- Opening Delimiter -

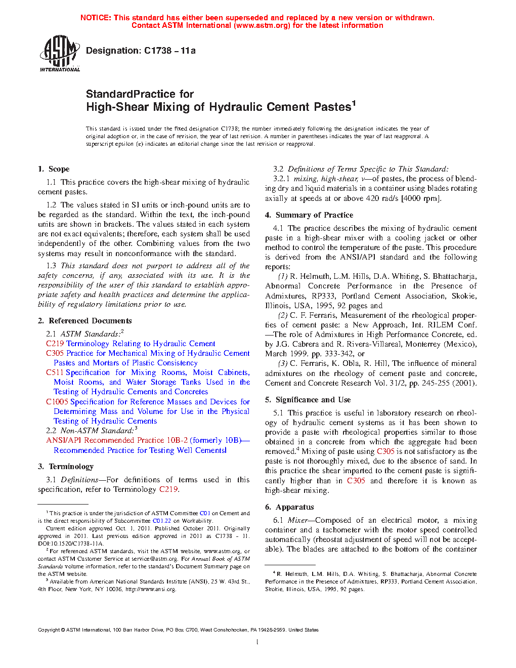 1.1 This practice covers the high-shear mixing of hydraulic cement pastes.
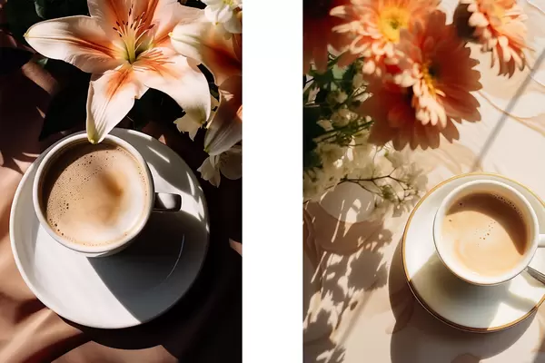 Poster Eine Tasse Kaffee mit Schaum auf einem weißen Teller, einige Blumen im Hintergrund, mit Sonnenlicht d00654
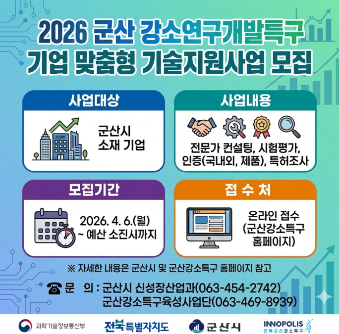 사업 신청은 예산 소진 시까지 상시 접수로 진행되며, 군산 강소특구 홈페이지에서 온라인으로 신청할 수 있다. 자세한 사항은 군산시 신성장산업과 또는 군산 강소특구육성사업단으로 문의하면 된다.

- Closing Delimiter -

- **WHAT IS REQUIRED**: Any images must be left out; transcribe the rest of the material exactly.

- **OUTPUT FOR THIS EXERCISE**:
 1.1 This practice covers the high-shear mixing of hydraulic cement pastes.
 Poster Eine Tasse Kaffee mit Schaum auf einem weißen Teller, einige Blumen im Hintergrund, mit Sonnenlicht d00654
 사업 신청은 예산 소진 시까지 상시 접수로 진행되며, 군산 강소특구 홈페이지에서 온라인으로 신청할 수 있다. 자세한 사항은 군산시 신성장산업과 또는 군산 강소특구육성사업단으로 문의하면 된다.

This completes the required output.